Ketaatan Sayyidatuna Fatimah kepada suaminya Sayyidina Ali menyebabkan Allah SWT mengangkat darajatnya. Sayyidatuna Fatimah tidak pernah mengeluh dengan kekurangan dan kemiskinan keluarga mereka.
Tidak juga dia meminta-minta hingga menyusahkan suaminya. Meski begitu, kemiskinan tidak menghalangi Sayyidatuna Fatimah untuk selalu bersedekah.
Beliau tidak sanggup untuk kenyang sendiri apabila ada orang lain yang kelaparan. Beliau tidak rela hidup senang di kala orang lain menderita.

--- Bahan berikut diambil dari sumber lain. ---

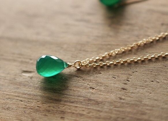 グリーンオニキス<ドロップ・ブリオレット>のネックレス(14KGF)

Bahkan beliau tidak pernah membiarkan pengemis melangkah dari pintu rumahnya tanpa memberikan sesuatu meskipun dirinya sendiri kelaparan.
Pernah suatu hari Sayyidatuna Fatimah telah membuat suaminya terusik hatinya dengan kata-katanya. Menyadari kesalahannya Sayyidatuna Fatimah segera meminta maaf berulang-ulang kali. Melihat air muka suaminya tidak juga berubah maka sayyidatuna Fatimah berlari-lari seperti anak kecil mengelilingi suaminya.
Tujuh puluh kali dia 'tawaf' sambil merayu-rayu mohon untuk dimaafkan. Melihat tingkah laku istrinya itu tersenyumlah sayyidana Ali & lantas memaafkan isterinya itu.
Rasulullah SAW memberi nasihat kepada puterinya itu saat perkara ini sampai ke telinga beliau. "Wahai Fatimah, kalaulah dikala itu engkau meninggal sedangkan suamimu Ali tidak memaafkanmu, maka aku tidak akan menshalatkankan jenazahmu".
Subhanallaah..
Lalu bagaimana dengan kita.
Begitulah yang ditetapkan Allah SWT mengenai kedudukan suami sebagai pemimpin bagi seorang isteri. Betapa seorang isteri itu perlu berhati-hati di saat berhadapan dengan suami.
Padahal apa yang dilakukan sayyidatuna Fatimah itu bukanlah suatu kesengajaan. Bagaimana bila kita sengaja?
Semoga kita bisa mengambil hikmah dari kisah agung ini dan semoga para istri bisa menjadi pakaian yg baik bagi suami dan para suami bisa menjadi pakaian yg baik bagi istri.